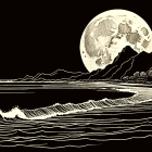 A striking black and white scene depicts a moonlit coastline. A large moon casts a luminous glow over the waves, rocky cliffs, and quaint houses, creating a serene, enchanting atmosphere.
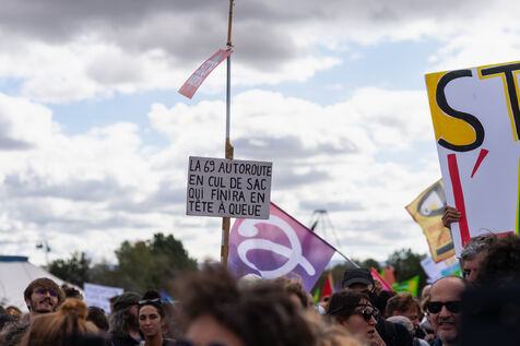 Manifestation Ramdam sur le Macadam, le 21 octobre 2023 pour protester contre le controversé projet de l'A69 devant reliant Castres à Toulouse. Organisé par de nombreux collectifs, le rassemblement a réuni environ 10 000 personnes, selon les organisateurs.
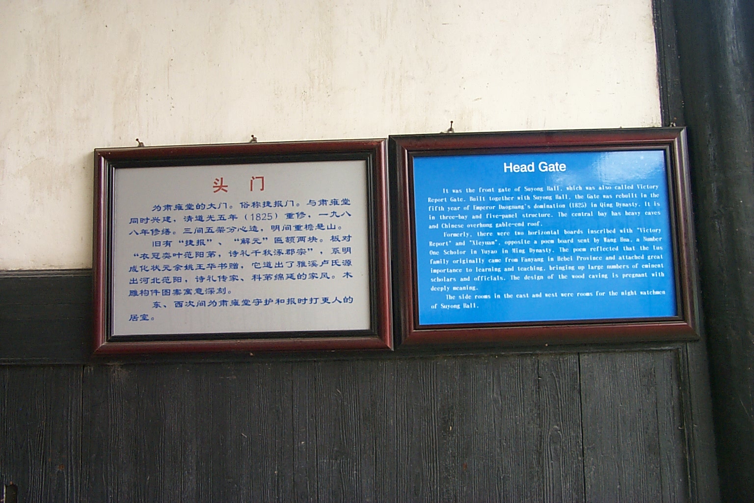 The Chinese and English introduction to the hall. |
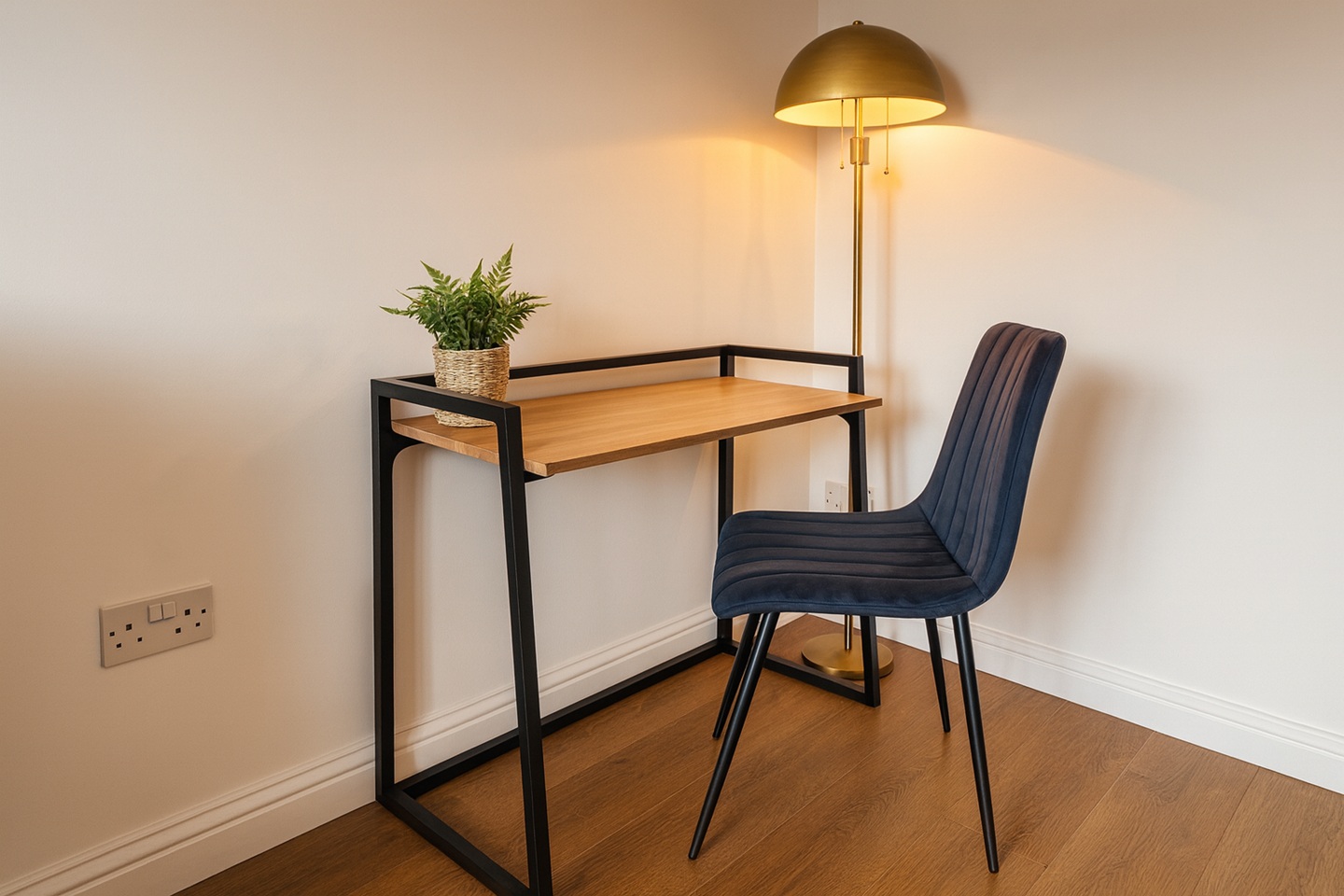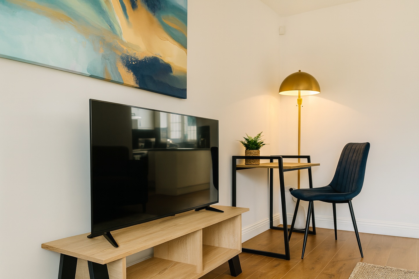 ☞ Living room: Sofa, Smart TV, desk & chair (perfect for remote work)
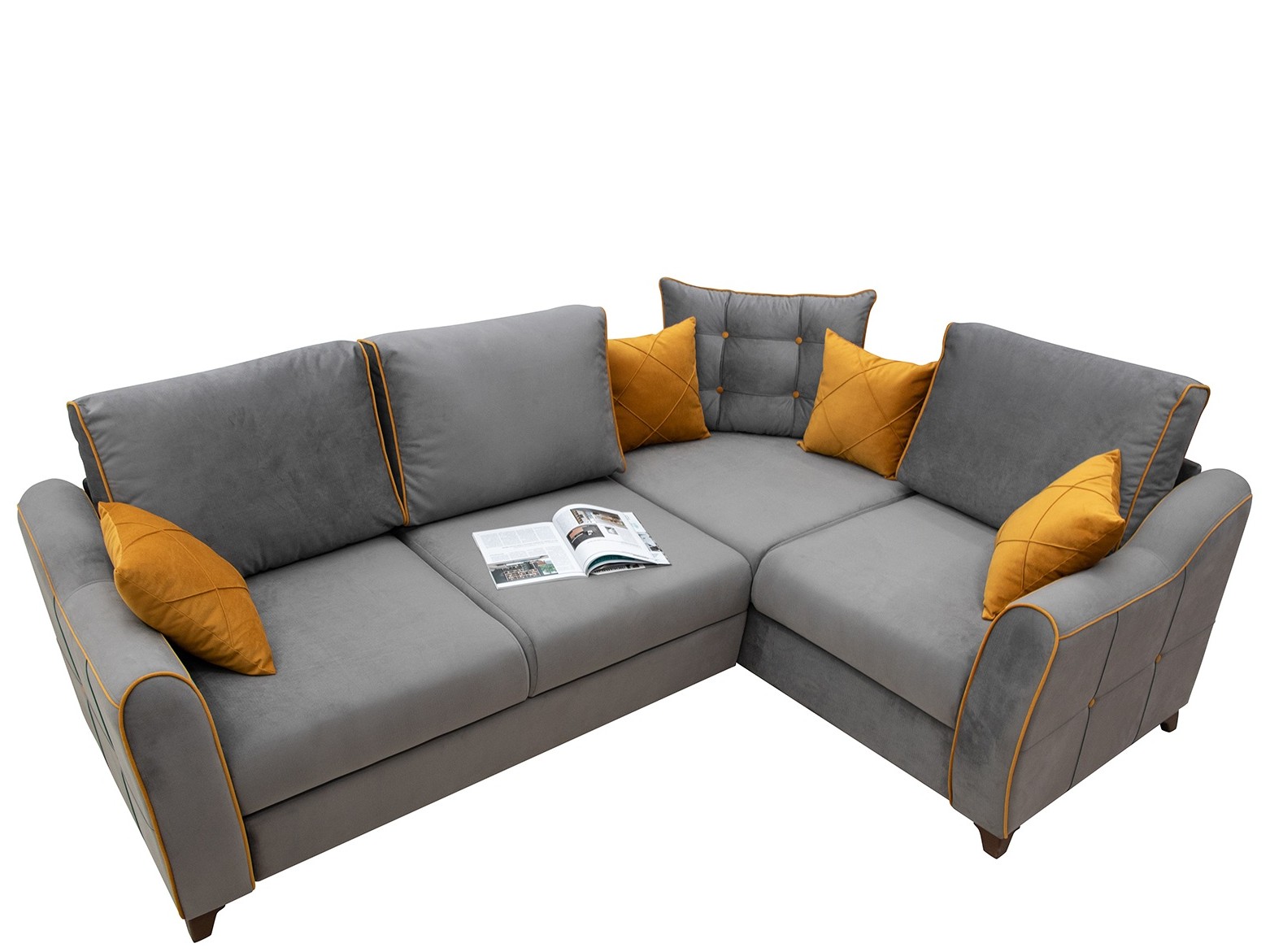 Габариты: сложенный (Д x Г х В, мм): 2440 x 1770 x 930, разложенный (Д x Г х В, мм): 2440 x 1770 x 770, спальное место (Д x Ш, мм): 2220 x 1560, высота посадки (мм): 480. Максимально допустимая нагрузка: 80 кг на одно посадочное место, 100 кг на одно спальное место. Механизм трансформации: Дельфин «Калипсо» на металлокаркасе. Бельевой ящик в оттоманке, одно отделение, размер отделения (Д x Ш, мм): 1533 x 770 x 200. Есть возможность самостоятельной сборки на любую сторону. Варианты исполнения: 6 артикулов, сочетание тканей только как на фото, основная ткань: Амиго (велюр). Каркас: фанера, деревянный брус, ДСП, ДВП, ЛДСП, ДВПо. Основание сиденья: ППУ на блоке плоских пружин "змейка". Приспинные подушки, шт: 4. Декоративные подушки, шт: 4. Наполнитель подушек: крошка ППУ и полиэфирное волокно «шарики» . Материал опор: пластик. Цвет опор: коричневый. Декоративный кант, пуговицы, отстрочка, утяжки на подушке и подлокотниках.
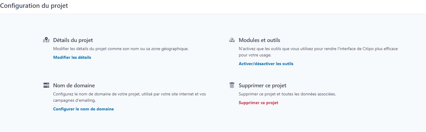 Un projet Citipo est constitué d'un site internet spécifique et d'outils d'animation de communauté. Il est rattaché à une organisation sous forme de projet global ou local.
--
> [WORK TO BE COMPLETED]
Transcribe only this stretch of the data: the line with "The Chinese and", the line with "for remote work)", and every line in between. Leave out the pictures.

> [WRITTEN RESPONSE]
 The Chinese and English introduction to the hall. |
 ☞ Living room: Sofa, Smart TV, desk & chair (perfect for remote work)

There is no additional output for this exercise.